Safranal accelerates diabetic wound healing by suppressing ferroptosis through modulation of transcription factor Forkhead Box O3

Background: Diabetic wounds (DW), which represent a serious complication of diabetes mellitus, present significant clinical challenges owing to the paucity of effective therapeutic interventions. Safranal (Saf), a principal bioactive constituent of saffron (Crocus sativus L.), has significant pharmacological properties, such as anti-inflammatory and antioxidant effects. However, its therapeutic potential and mechanism in DW remain unknown.

Purpose: This investigation aimed to explore whether Saf can improve DW and to elucidate its underlying mechanisms.

Methods: The therapeutic effects of Saf on DW were investigated using an established disease model. The mechanism through which Saf ameliorates DW was elucidated by integrated transcriptomic analysis, network pharmacology, and experimental validation. Endothelial cells were identified as key mediators of DW healing through single-cell Sequencing analysis. The DW microenvironment was recapitulated using high glucose-stimulated Human Umbilical Vein Endothelial Cells (HUVECs), and the molecular mechanisms underlying Saf's therapeutic action were systematically deciphered through molecular docking simulations and targeted gene knockout approaches. Finally, potential therapeutic targets were predicted and validated using adeno-associated virus 9 (AAV9)-mediated gene silencing experiments.

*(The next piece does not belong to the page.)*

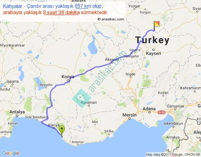 Kahyalar - Çandır arası yaklaşık olarak 90 km/h ile yukarıda belirtilen sürede olup, iki yerin kuş uçuşu uzaklığı (mesafesi) 430'dir. Eğer belirtilen yerler arasında uçak seferi var ise bu süre uçakla 39 dakika'ya kadar düşebilir. Yolculuk otobüsle 11 saat 13 dakika sürmektedir.
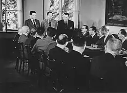 The ICRC, having come under increasing pressure from Denmark,[127] Jewish organizations and the Czechoslovak government-in-exile to intervene in favor of Jews, requested to visit Theresienstadt in November 1943.[128][129] It is unclear to what extent the ICRC valued making an accurate report on Theresienstadt,[130] given that it had access to independent information confirming that prisoners were transported to Auschwitz and murdered there.[lower-alpha 3] The Danish government also pressured the Nazis to allow a visit, because of the Danish Jews who had been deported there in late 1943. On a visit to Denmark in November 1943, Eichmann promised the Danish representatives that they would be allowed to visit in the spring of 1944.[39][46] In late May, Eppstein, Zucker, and other Theresienstadt leaders were allowed to sign SS-dictated letters, which were sent to the Aid and Rescue Committee, a Jewish organization in Budapest. Rudolf Kastner, the leader of the committee, forwarded the letter abroad, causing an unduly positive impression of Theresienstadt to develop outside German-occupied territory.[134] The commission that visited on June 23, 1944, included Maurice Rossel, a representative of the ICRC; E. Juel-Henningsen, the head physician at the Danish Ministry of Health; and Franz Hvass, the top civil servant at the Danish Foreign Ministry.[46]

Results: In vivo studies demonstrated that Saf significantly enhanced DW healing. Transcriptomic analysis further revealed its potent anti-ferroptotic effects. Mechanistic studies demonstrated that in vitro experiments confirmed Saf exerts its therapeutic effects by activating transcription factor Forkhead Box O3 (FOXO3)-mediated transcriptional activity, thereby effectively suppressing Ferroptosis. Subsequent studies established the FOXO3/ Solute Carrier Family 7 Member 11 (SLC7A11) pathway as the central pathway mediating Saf's anti-ferroptotic effects in DW. Importantly, both in vitro FOXO3 genetic knockdown and in vivo AAV9-mediated FOXO3 silencing through wound site injection completely abolished Saf's dual therapeutic benefits: Ferroptosis inhibition and wound healing promotion.

Conclusion: This study provides the first evidence that Saf promotes DW healing by inhibiting Ferroptosis through the FOXO3/SLC7A11 pathway. These findings offer novel mechanistic insights into Saf's therapeutic potential and highlight its translational promise for clinical applications in DW management.

Angiogenesis; Diabetic wounds; FOXO3/SLC7A11 pathway; Ferroptosis; Natural product; Safranal.